▸ **DATASET RECORDS**

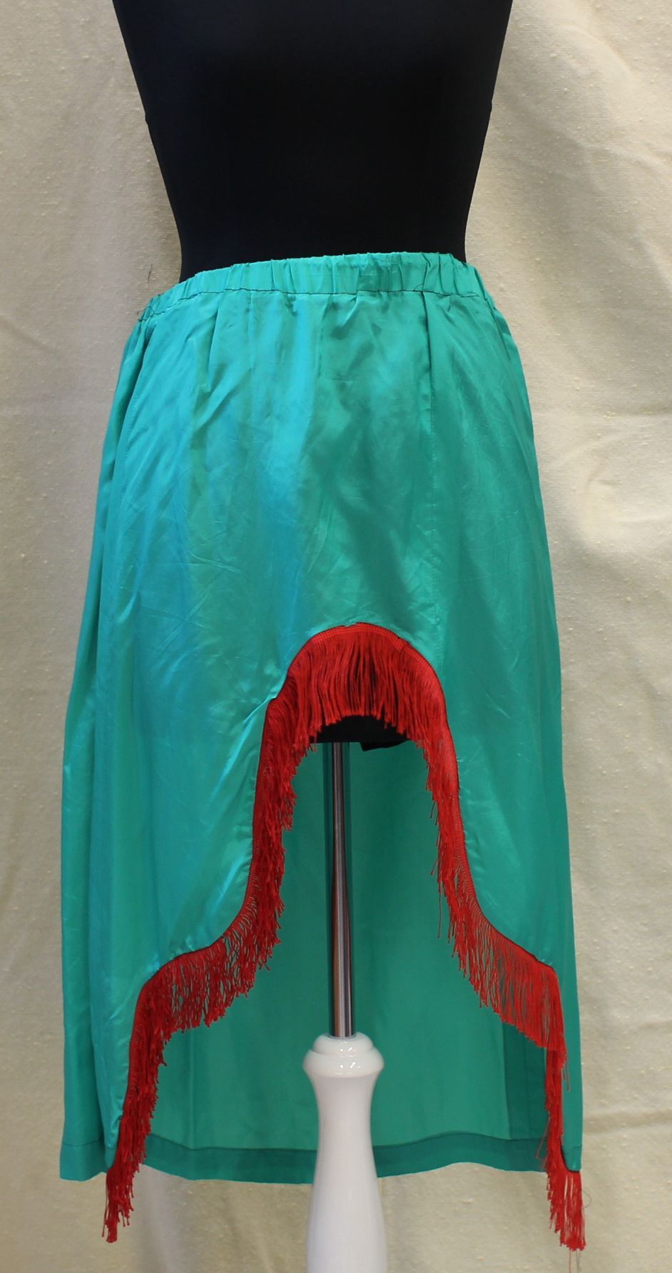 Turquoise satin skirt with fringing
* * *
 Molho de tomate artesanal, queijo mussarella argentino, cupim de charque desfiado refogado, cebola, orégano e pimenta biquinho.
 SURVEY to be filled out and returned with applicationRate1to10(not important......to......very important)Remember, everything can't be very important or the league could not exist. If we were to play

▸ **ASSIGNMENT**
In the entries above, find the line holding "Molho de tomate" and the line holding "SURVEY to be", then retype exactly those two lines and every line between them, and nothing else.

▸ **COMPLETED TASK**
 Molho de tomate artesanal, queijo mussarella argentino, cupim de charque desfiado refogado, cebola, orégano e pimenta biquinho.
 SURVEY to be filled out and returned with applicationRate1to10(not important......to......very important)Remember, everything can't be very important or the league could not exist. If we were to play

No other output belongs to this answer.